The self-taught artist Carol Rama, who was born 100 years ago in Turin and whose work is a powerful and often painful study of the feminine, has a mini show at the fair, courtesy of the Fondazione Sardi per l’Arte. The display, titled 100 Years of Seduction, features seven works that have never been seen in public before, made for her close friend the poet Edoardo Sanguineti and his wife Luciana.
The most unusual is a group of three dolls made from humble materials: bamboo, gauze and passementerie. Rama is thought to have made only five such pieces in her lifetime, although she frequently used dolls’ eyes in her bricolages.

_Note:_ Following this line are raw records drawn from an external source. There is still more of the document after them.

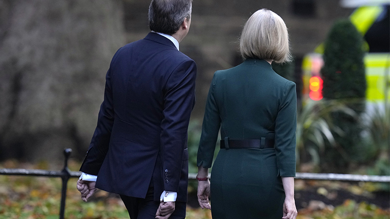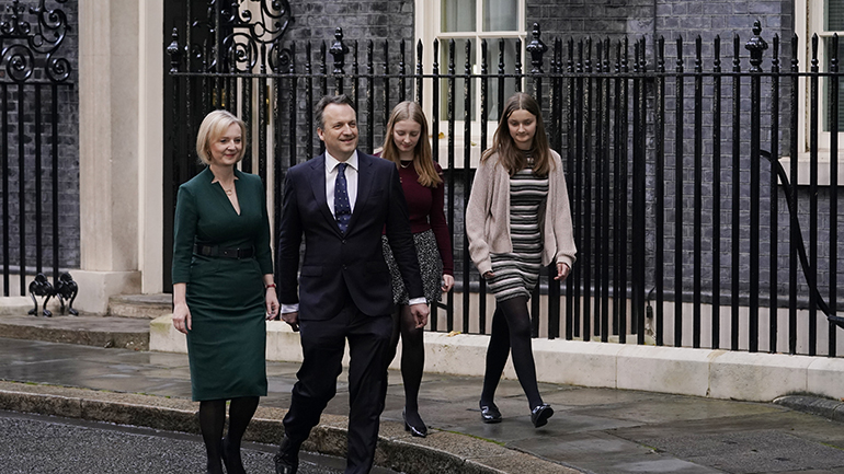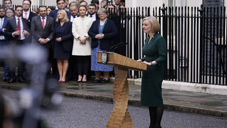 Η Λίζ Τρας πραγματοποίησε την αποχαιρετιστήρια ομιλία της στον αριθμό 10 της Ντάουνινγκ Στριτ, και εν συνεχεία μετέβη στα ανάκτορα του Μπάκινγκχαμ, προκειμένου υποβάλλει και τυπικά την παραίτησή της στον βασιλιά Κάρολο Γ’ του Ηνωμένου Βασιλείου.
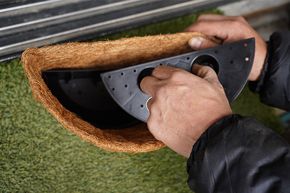 「ウォールハンギングバスケット」の底面吸水トレーを
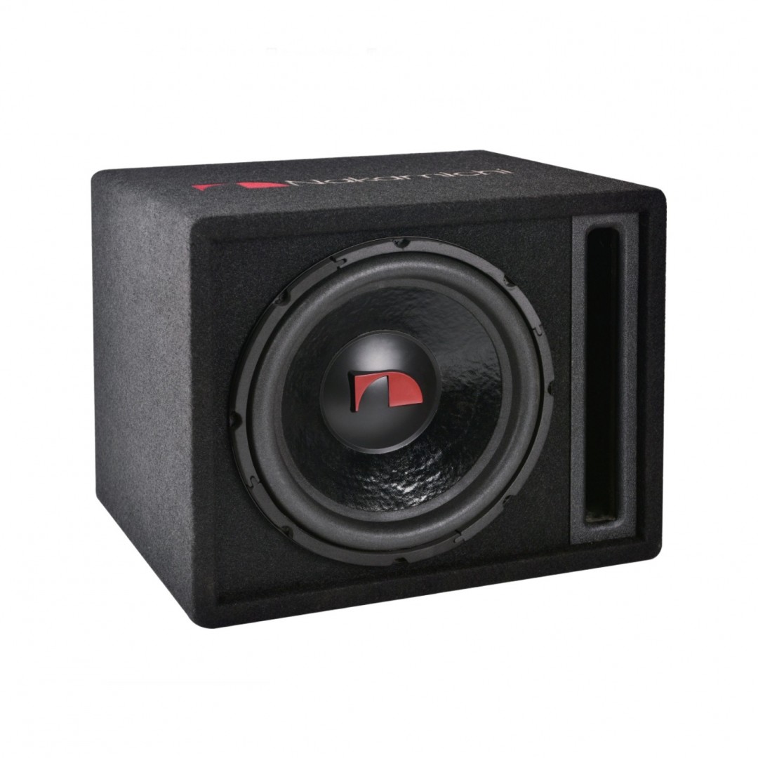 Připravte se na pořádnou porci basů se subwooferem Nakamichi NBX350. Uvnitř této bassreflexové ozvučnice se totiž ukrývá subwoofer o výkonu 350 W RMS. Přesně naladěná štěrbina spolu s výkonným 12" subwooferem umožní hluboké a úderné podání basové složky. Designová ozvučnice se zaoblenými hranami a vyšitým logem Nakamichi na horní straně ozvučnice.
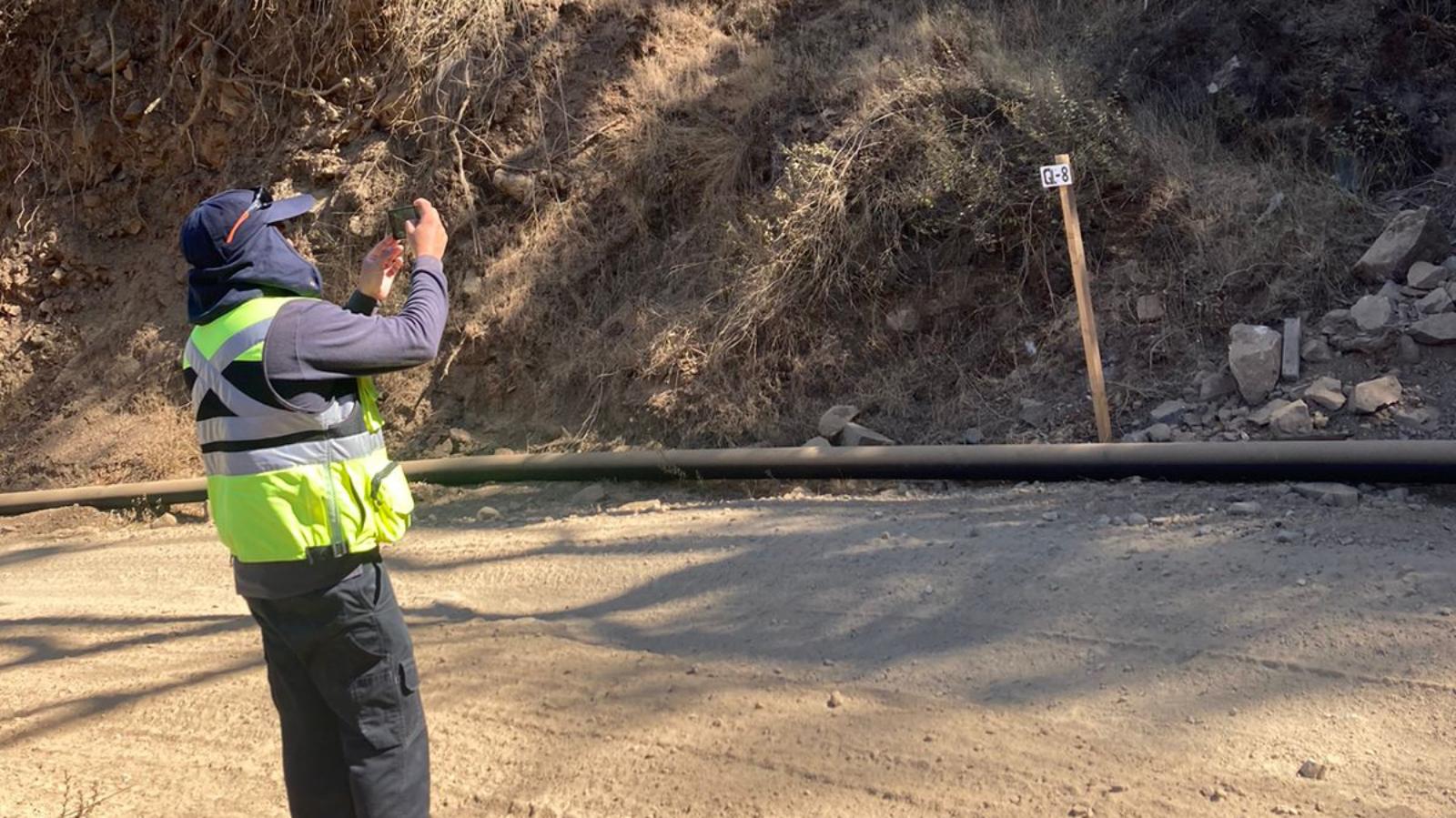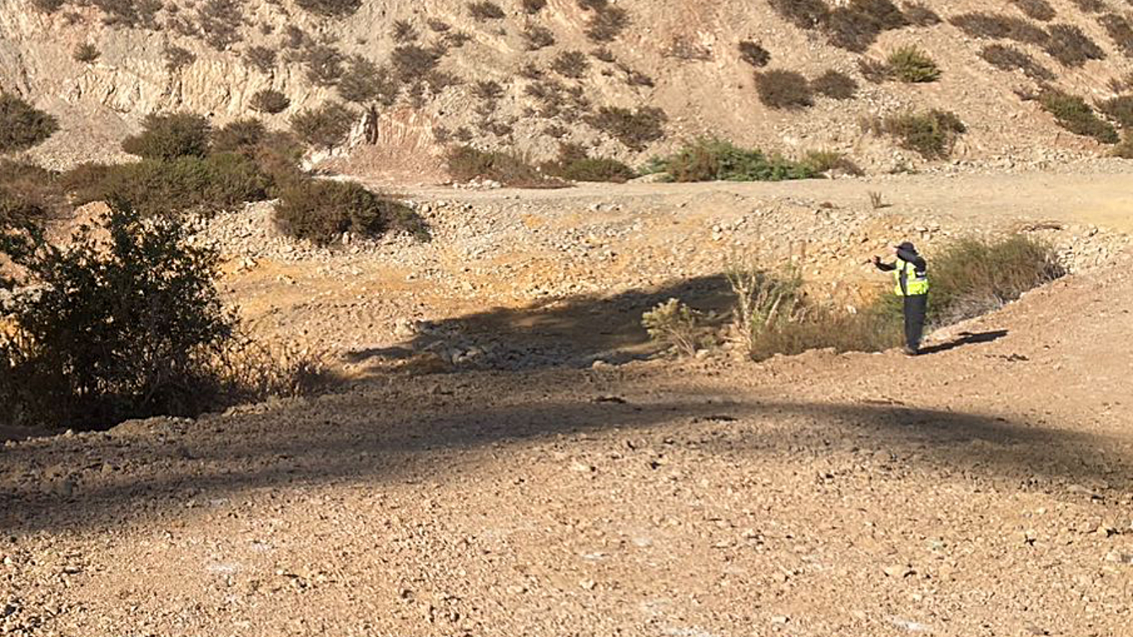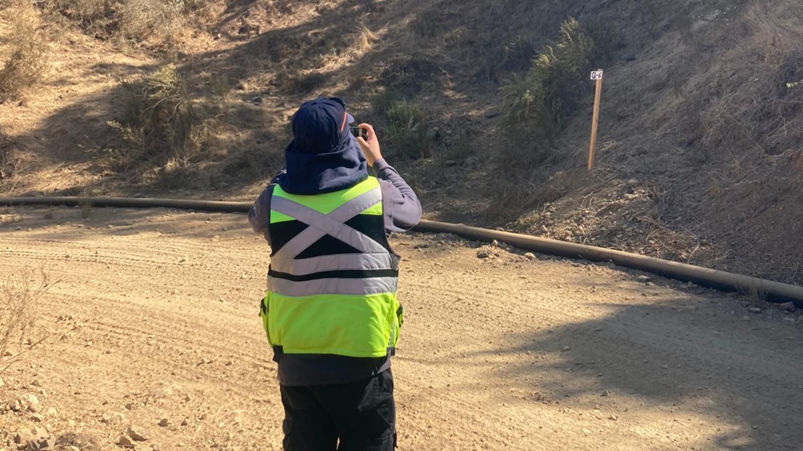 En este recorrido por la quebradas del terreno demarcado, el profesional del Laboratorio ALS, empresa denominada como Entidad Técnica de Fiscalización Ambiental (ETFA), Luis Marabolí, fue acompañado por una profesional de la faena, sin presencia de integrantes de la comunidad que conforman el Equipo de Monitoreo Ambiental Participativo (MAP).
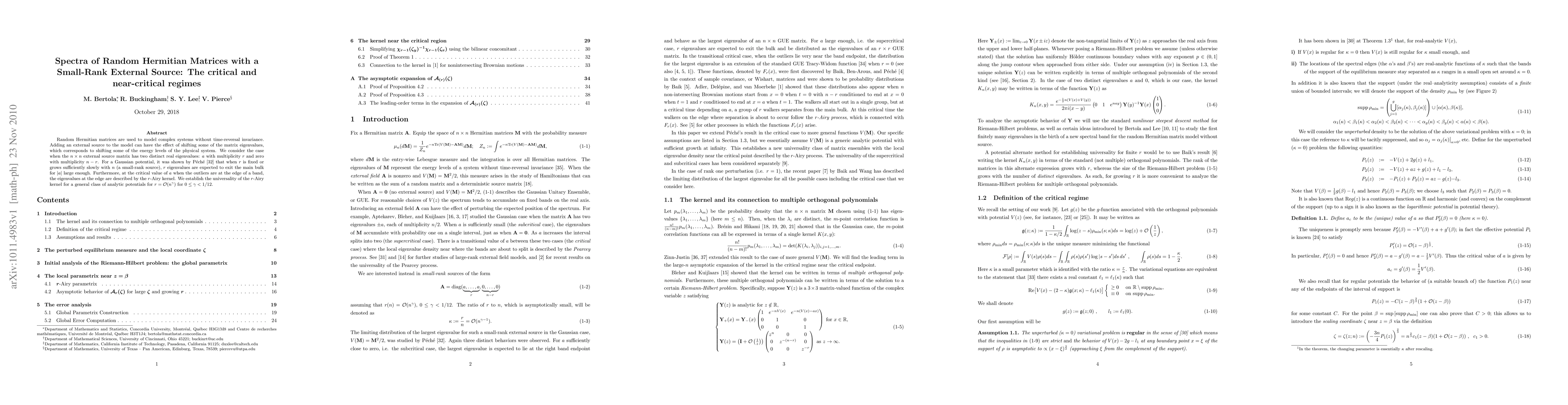 This paper investigates the eigenvalue spectra of random Hermitian matrices with a small-rank external source, showing that for certain potentials, the eigenvalues shift and follow the $r$-Airy kernel at critical values, establishing universality in this behavior.
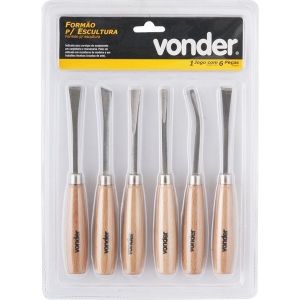 - 1 formão com lâmina reta e ponta goivada de 6 mm de largura.

Outside of the fair, several of Turin’s major institutions are also putting women centre stage. The Castello di Rivoli is showing the German artist, writer and theorist Hito Steyerl (The City of Broken Windows, until 30 June 2019), who topped Art Review’s 2017 Power 100 list for “actively attempting to disrupt the nexus of [contemporary art’s] power”, according to the magazine.
Meanwhile, the Fondazione Sandretto Re Rebaudengo is showing four women: Lynette Yiadom-Boakye and Rachel Rose (until 3 February 2019), and Andra Ursuta and Monster Chetwynd (until 30 March 2019), an “organic” grouping, according to the foundation’s president Patrizia Sandretto Re Rebaudengo.
Two of the displays tap into the current trend for all things occult. Monster Chetwynd’s sprawling installation features a menagerie of hairy beasts, giant bats and figures from tarot cards blown up and printed on sheets of fabric. The cabalistic and grisly players are set to come alive tonight (2 November) in a performance, The Owl with the Laser Eyes.
Chetwynd takes her cue from Italo Calvino’s grown-up fairytale, Castle of Crossed Destinies. In the story, a group of medieval travellers stumble across a castle in a forest; desperate for shelter, they go inside, only to lose the power of speech. Tarot cards become their only means of communicating their stories.
Rachel Rose’s film, Wil-o-Wisp (2018), co-commissioned by the Philadelphia Museum of Art and the Fondazione Sandretto Re Rebaudengo, follows Elspeth Blake, a mystic and healer, living in rural Somerset in the 1500s. Under a blood red moon, her family home burns down but Elspeth’s remains are never found. She turns up 30 years later in a neighbouring village and becomes known for her healing powers, but is later expelled, accused of theft and witchcraft.
Rose’s own sympathy for Elspeth is transmitted through the voiceover, which professes that her powers come from the “divine balance that connects all living things”.